Hi everyone,
I’m attempting to run DinoV2/V3 models on Hailo hardware, but I’ve run into some challenges that I’d like to clarify with the community.
Context:
From what I understand, the Hailo Dataflow Compiler (DFC) doesn’t fully support certain internal layers used in Dino models. As a workaround, I found the ONNX Runtime Hailo Execution Provider and hoped to run the exported Dino ONNX model directly, leveraging at least partial acceleration from the Hailo device.
Current Status:
-
I successfully compiled the model and can run inference using ONNX Runtime.
-
However, when monitoring with
hailortcli monitor, the Hailo device does not appear to be utilized. -
It seems the inference falls back to CPU execution, even though the ONNX Runtime Hailo examples use the accelerator correctly.
Questions:
-
What is the correct workflow to convert an ONNX model with the DFC when some layers are unsupported?

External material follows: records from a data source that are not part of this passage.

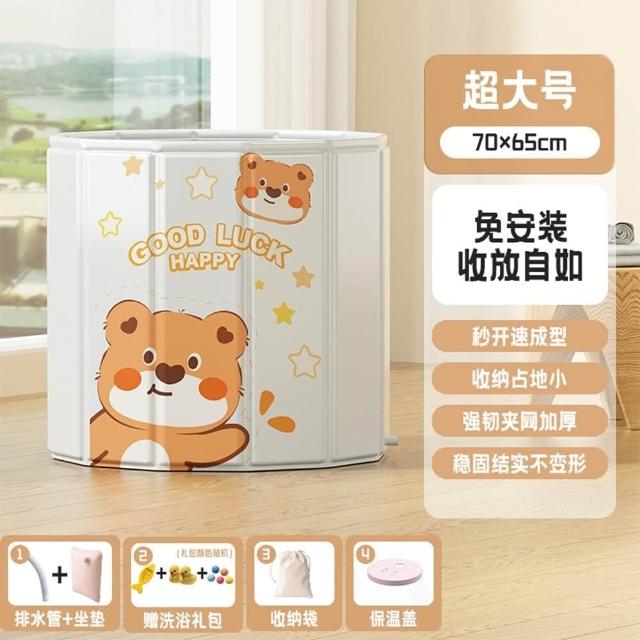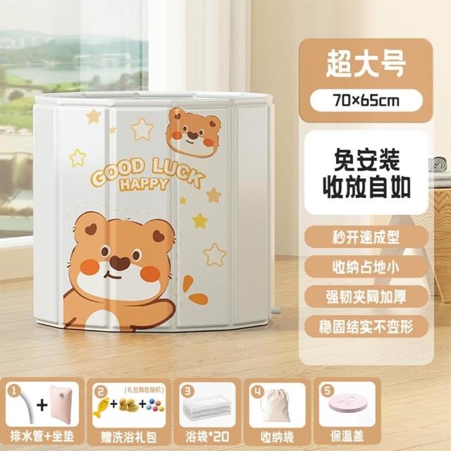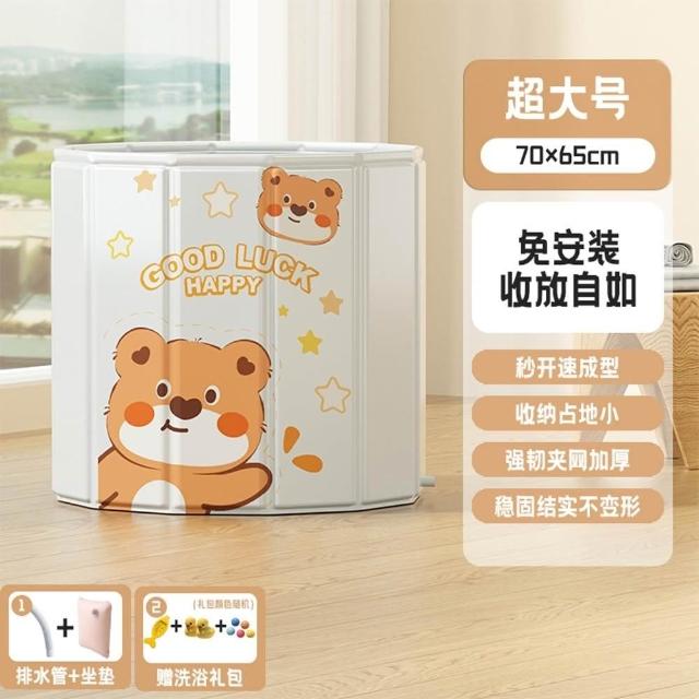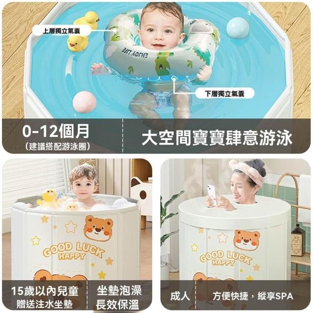 赫朗 多邊形兒童泡澡桶 折疊泡澡桶 折疊浴缸 沐浴桶 側邊排水(一甩即開/180分鐘鎖溫/12邊形支撐)
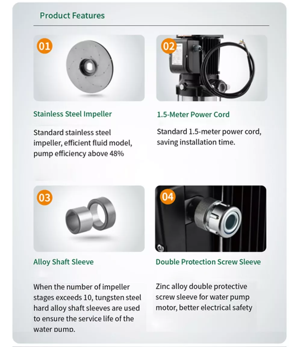 · Механические уплотнения из твердого сплава + фторкаучука снижают утечки и потребление энергии, обеспечивая плавную и бесшумную работу.
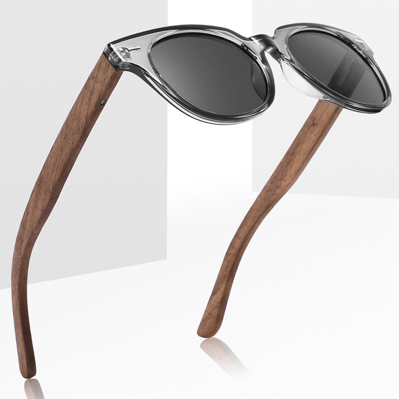 แว่นกันแดดแบบยูนิเซ็กซ์กรอบสีดำขาแว่นไม้ UV400 เลนส์โพลาไรซ์ TAC ป้องกันแสงแดดสำหรับกิจกรรมกลางแจ้งการเดินทางขับรถ

Is there documentation or a working example for generating a Hailo-compatible ONNX file?
-
Are there plans to further develop or expand ONNX Runtime Hailo integration, especially for models with unsupported layers?
-
Is it feasible to run Dino models on Hailo in any form (e.g., partial offloading), or would you recommend an alternative approach?
-
The ONNX Runtime README mentions potential “extraction capabilities” in the DFC — is this feature planned or available to help support models like Dino?
Any guidance or pointers would be greatly appreciated.
Thank you in advance for your help!
Best,
Francesco